◆ DATA EXCERPT
::::::

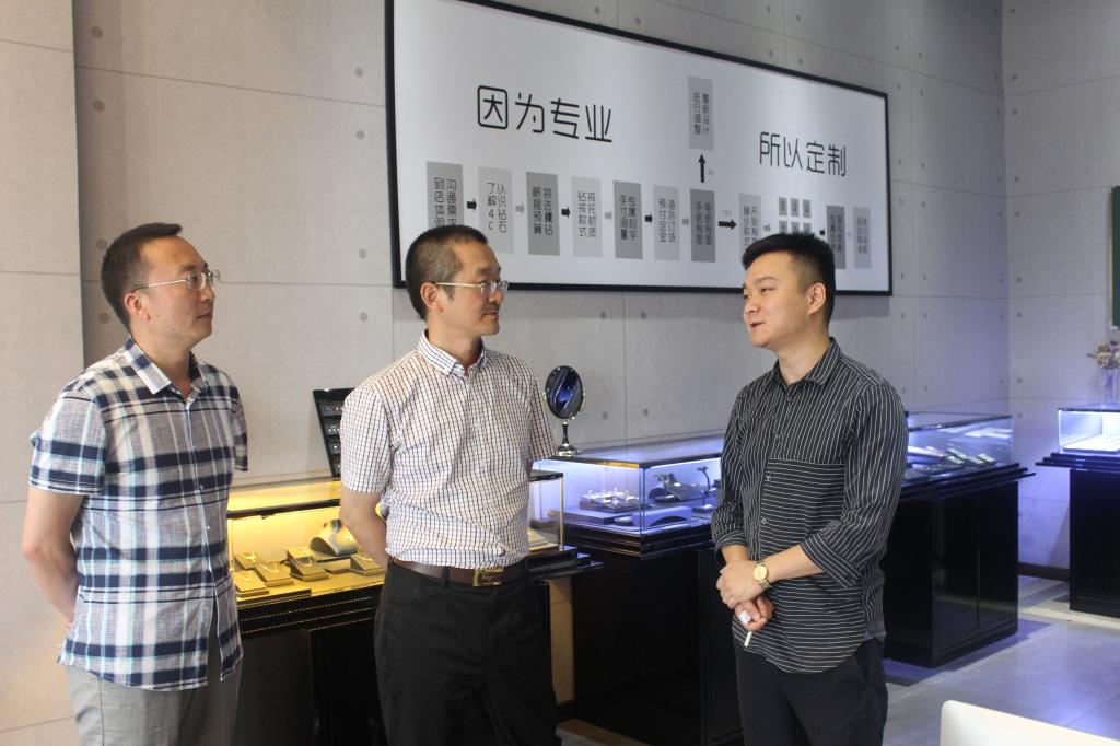 仪式结束后,李太斌一行冒雨驱车前往雅安市区调研我院2012届、2013届两位“珠宝首饰工艺及鉴定”专业毕业学生何剑、唐晓杰所创办的“钻定一生”私人首饰定制工作室的创业情况。李太斌对 我校毕业学生能够在短短2年时间内,创出自己的品牌、在四川开设8家分店,还帮助10余名珠宝专业师弟师妹成功创业,给予了高度肯定,并当即联系雅安电视台学校校友、新媒体负责人,要求他们通过新媒体给予宣传报道。
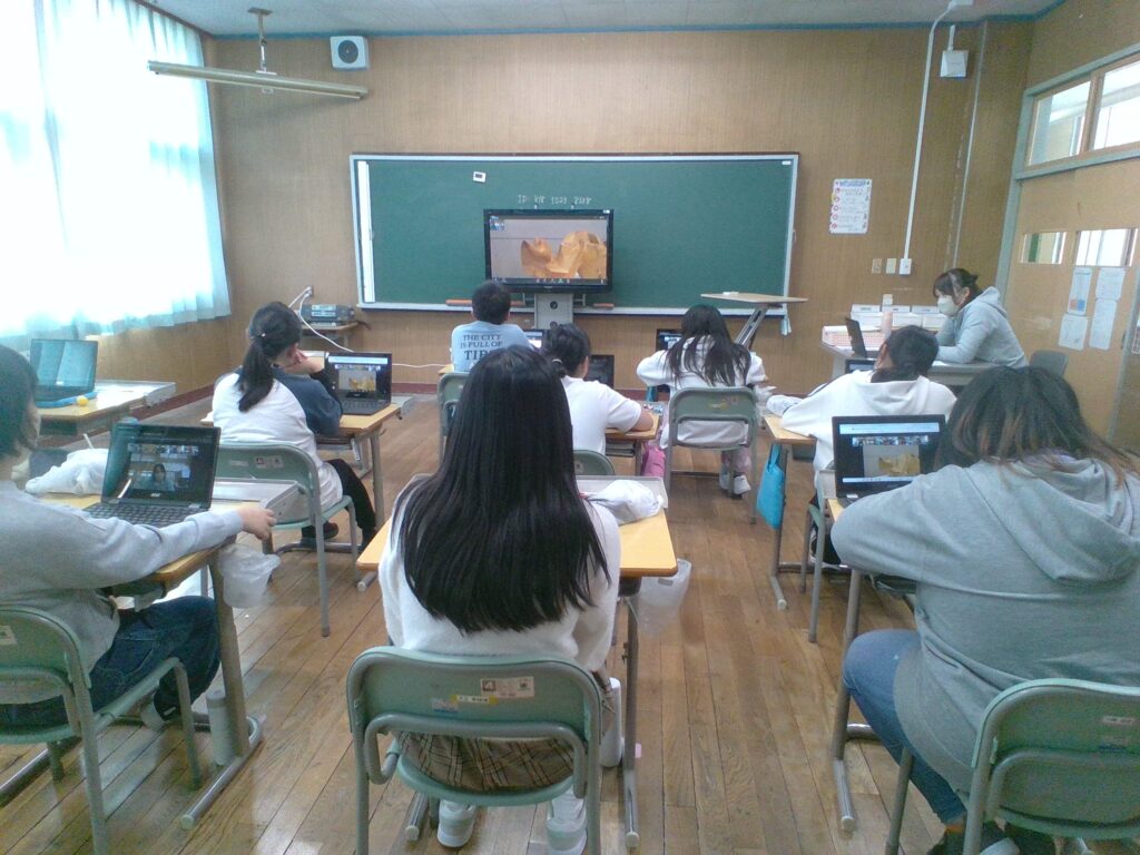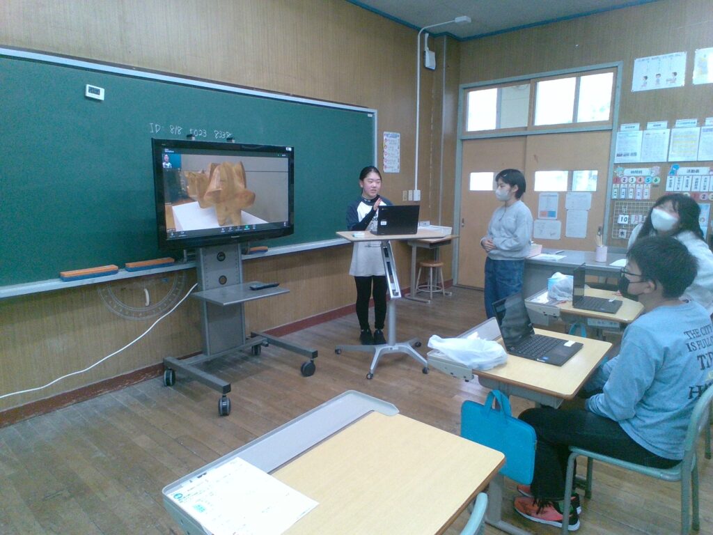 5・6年生を対象に帯広美術館主催のオンラインアート授業を行ないました。一見犬に見えない犬をイメージした木の彫刻物「アデラ」を、オンラインで鑑賞しました。学芸員から「作者が飼っていた大好きな犬が亡くなった後、思い出をイメージして形に表したもの」と紹介されてからは「説明を聞いて作品のイメージが変わりました」「作った人の思いが込められていると分かりました」等と感想を交流していました。今までなじみのなかった抽象的な作品には、木の形、なめらかさ、優しさなどから作者の思いが込められていることに気づくことができました。
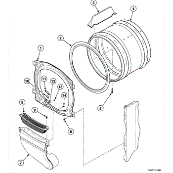 This front bulkhead assembly forms the dryer's front drum support and air seal. Replacing a worn or damaged bulkhead restores smooth drum rotation, reduces noise, and helps maintain proper airflow for consistent drying performance.

::::::

◆ GOAL OF THE EXERCISE
Give back the data exactly. Pictures stay out.

◆ REPLY TO THE EXERCISE
 仪式结束后,李太斌一行冒雨驱车前往雅安市区调研我院2012届、2013届两位“珠宝首饰工艺及鉴定”专业毕业学生何剑、唐晓杰所创办的“钻定一生”私人首饰定制工作室的创业情况。李太斌对 我校毕业学生能够在短短2年时间内,创出自己的品牌、在四川开设8家分店,还帮助10余名珠宝专业师弟师妹成功创业,给予了高度肯定,并当即联系雅安电视台学校校友、新媒体负责人,要求他们通过新媒体给予宣传报道。
 5・6年生を対象に帯広美術館主催のオンラインアート授業を行ないました。一見犬に見えない犬をイメージした木の彫刻物「アデラ」を、オンラインで鑑賞しました。学芸員から「作者が飼っていた大好きな犬が亡くなった後、思い出をイメージして形に表したもの」と紹介されてからは「説明を聞いて作品のイメージが変わりました」「作った人の思いが込められていると分かりました」等と感想を交流していました。今までなじみのなかった抽象的な作品には、木の形、なめらかさ、優しさなどから作者の思いが込められていることに気づくことができました。
 This front bulkhead assembly forms the dryer's front drum support and air seal. Replacing a worn or damaged bulkhead restores smooth drum rotation, reduces noise, and helps maintain proper airflow for consistent drying performance.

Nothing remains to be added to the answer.